Work item:
Starting with the line that holds "At 3:00 a.m., a" and stopping after the line that holds "Az erős medence", repeat the lines below word for word, without the pictures.

Given data:
BEGIN

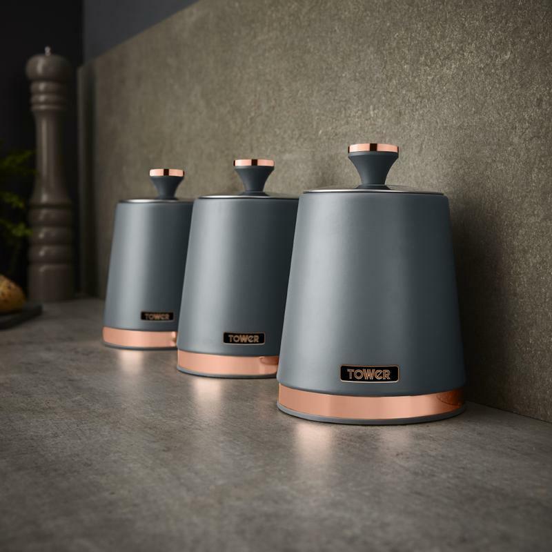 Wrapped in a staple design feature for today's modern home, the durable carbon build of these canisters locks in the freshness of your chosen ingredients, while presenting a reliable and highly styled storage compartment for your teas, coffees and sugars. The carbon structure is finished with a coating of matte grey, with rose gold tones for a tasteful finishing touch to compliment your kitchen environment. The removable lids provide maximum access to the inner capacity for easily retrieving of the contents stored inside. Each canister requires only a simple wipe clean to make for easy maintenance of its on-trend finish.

END
BEGIN

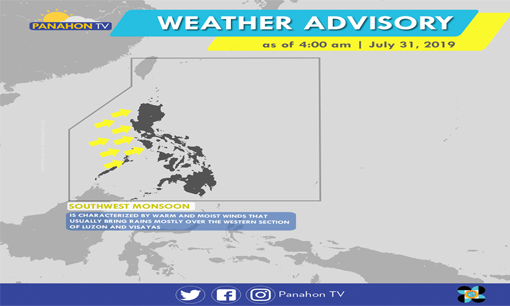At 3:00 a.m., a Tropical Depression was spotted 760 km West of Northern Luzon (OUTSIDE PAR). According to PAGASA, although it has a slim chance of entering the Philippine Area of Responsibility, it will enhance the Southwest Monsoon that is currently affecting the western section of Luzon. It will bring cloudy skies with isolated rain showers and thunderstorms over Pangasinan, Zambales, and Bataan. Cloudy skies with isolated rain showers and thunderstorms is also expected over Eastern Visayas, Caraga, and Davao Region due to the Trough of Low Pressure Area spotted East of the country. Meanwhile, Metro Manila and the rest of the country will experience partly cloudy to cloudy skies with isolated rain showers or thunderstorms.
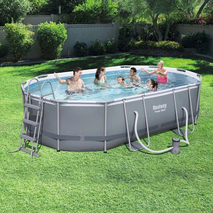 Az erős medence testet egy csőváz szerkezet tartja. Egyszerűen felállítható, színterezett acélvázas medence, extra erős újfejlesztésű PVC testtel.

END
BEGIN

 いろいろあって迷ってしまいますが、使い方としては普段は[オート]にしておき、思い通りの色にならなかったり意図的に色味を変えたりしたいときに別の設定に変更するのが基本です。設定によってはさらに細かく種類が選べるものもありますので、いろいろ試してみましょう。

END

Result of the exercise:
At 3:00 a.m., a Tropical Depression was spotted 760 km West of Northern Luzon (OUTSIDE PAR). According to PAGASA, although it has a slim chance of entering the Philippine Area of Responsibility, it will enhance the Southwest Monsoon that is currently affecting the western section of Luzon. It will bring cloudy skies with isolated rain showers and thunderstorms over Pangasinan, Zambales, and Bataan. Cloudy skies with isolated rain showers and thunderstorms is also expected over Eastern Visayas, Caraga, and Davao Region due to the Trough of Low Pressure Area spotted East of the country. Meanwhile, Metro Manila and the rest of the country will experience partly cloudy to cloudy skies with isolated rain showers or thunderstorms.
 Az erős medence testet egy csőváz szerkezet tartja. Egyszerűen felállítható, színterezett acélvázas medence, extra erős újfejlesztésű PVC testtel.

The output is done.